The King George VI Coronation Medal was a commemorative medal, instituted to celebrate the coronation of King George VI and Queen Elizabeth.

==Issue==
This medal was awarded as a personal souvenir of King George VI's coronation. It was awarded to the Royal Family and selected officers of state, officials and servants of the Royal Household, ministers, government officials, mayors, public servants, local government officials, and members of the navy, army, air force and police in Britain, her colonies and Dominions.

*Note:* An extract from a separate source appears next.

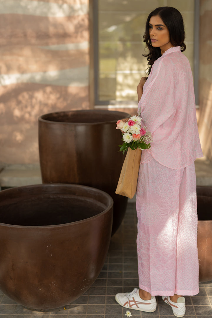 Bandhani free size Kaftan style short shirt with a flower motif at the back

For Coronation and Jubilee medals, the practice up until 1977 was that United Kingdom authorities decided on a total number to be produced, then allocated a proportion to each of the Commonwealth countries and Crown dependencies and possessions. The award of the medals was then at the discretion of the local government authority, who were free to decide who would be awarded a medal and why.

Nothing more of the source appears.